_Exercise objective:_
Output each line of the listing exactly, though pictures are not to appear.

_Given data:_
★ ★ ★

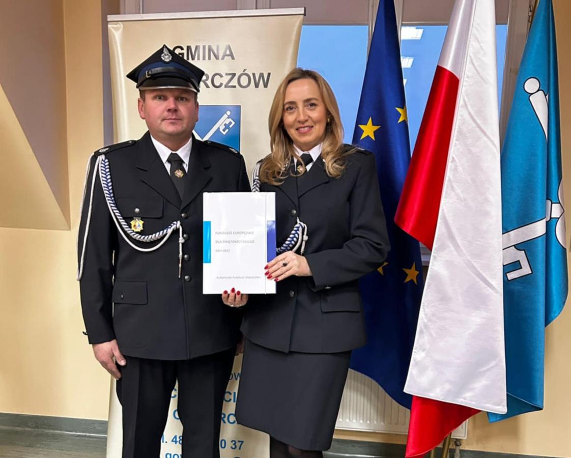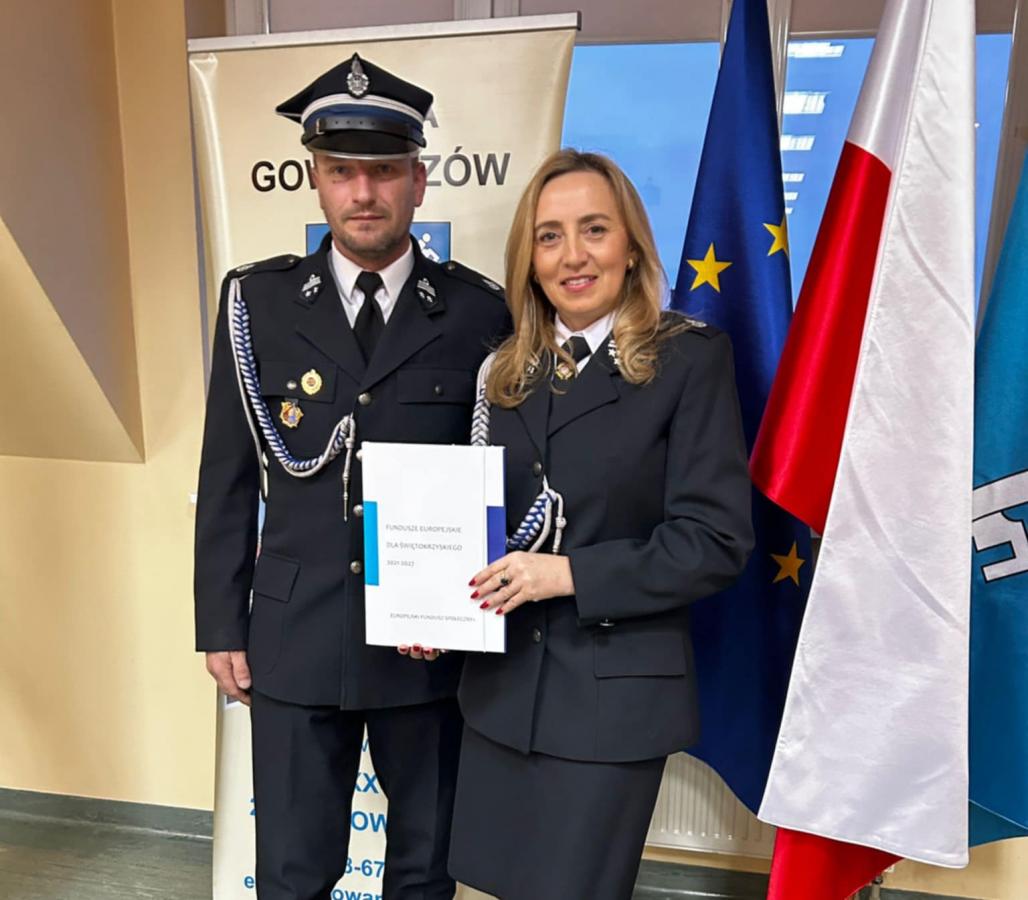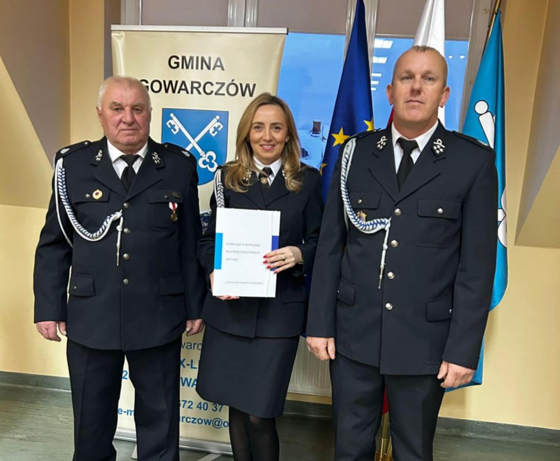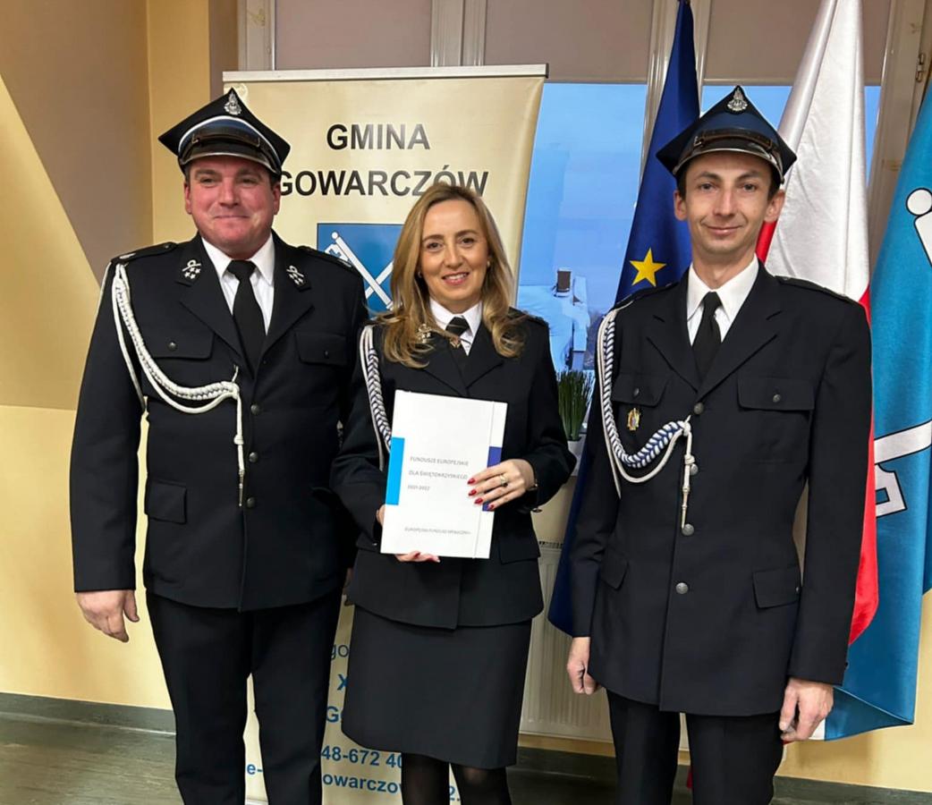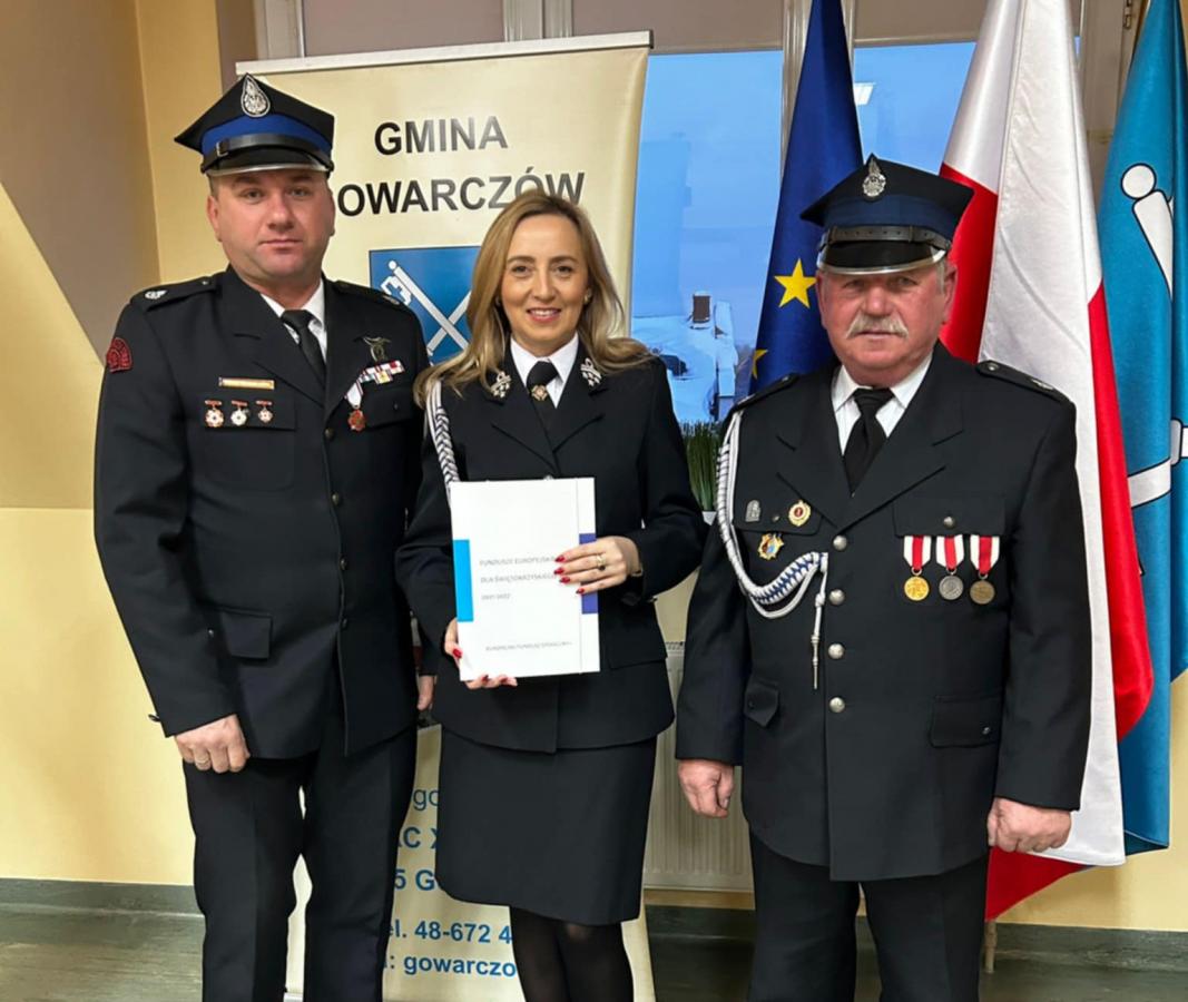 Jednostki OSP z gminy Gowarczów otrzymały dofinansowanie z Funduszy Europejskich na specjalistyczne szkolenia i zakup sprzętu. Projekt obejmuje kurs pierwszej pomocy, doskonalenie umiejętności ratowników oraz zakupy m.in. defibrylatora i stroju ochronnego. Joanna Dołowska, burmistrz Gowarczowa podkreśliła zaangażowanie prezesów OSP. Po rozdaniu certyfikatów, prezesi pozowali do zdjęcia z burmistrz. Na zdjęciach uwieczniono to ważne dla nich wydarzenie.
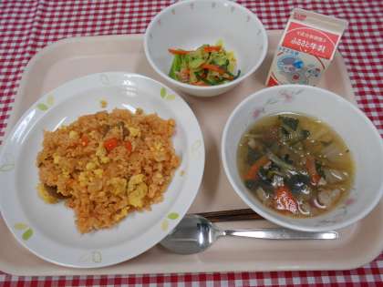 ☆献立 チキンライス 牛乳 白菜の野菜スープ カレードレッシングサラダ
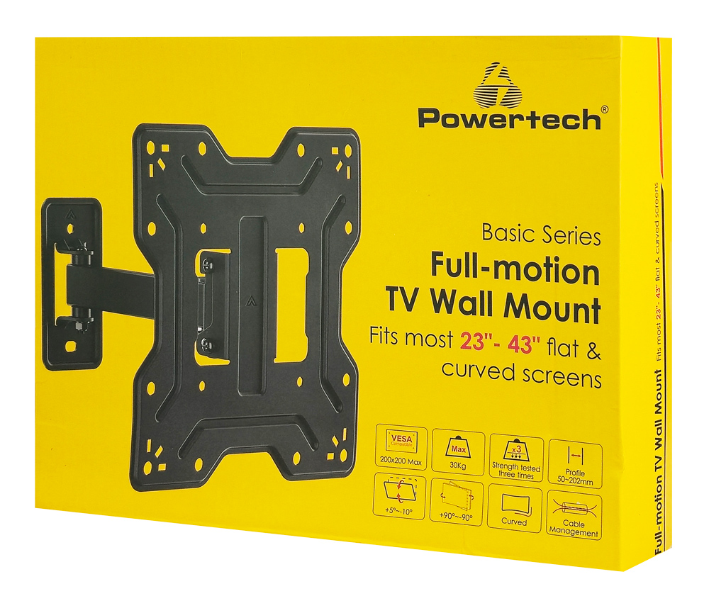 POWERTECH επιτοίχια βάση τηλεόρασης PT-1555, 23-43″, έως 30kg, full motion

★ ★ ★

_Result of the exercise:_
 Jednostki OSP z gminy Gowarczów otrzymały dofinansowanie z Funduszy Europejskich na specjalistyczne szkolenia i zakup sprzętu. Projekt obejmuje kurs pierwszej pomocy, doskonalenie umiejętności ratowników oraz zakupy m.in. defibrylatora i stroju ochronnego. Joanna Dołowska, burmistrz Gowarczowa podkreśliła zaangażowanie prezesów OSP. Po rozdaniu certyfikatów, prezesi pozowali do zdjęcia z burmistrz. Na zdjęciach uwieczniono to ważne dla nich wydarzenie.
 ☆献立 チキンライス 牛乳 白菜の野菜スープ カレードレッシングサラダ
 POWERTECH επιτοίχια βάση τηλεόρασης PT-1555, 23-43″, έως 30kg, full motion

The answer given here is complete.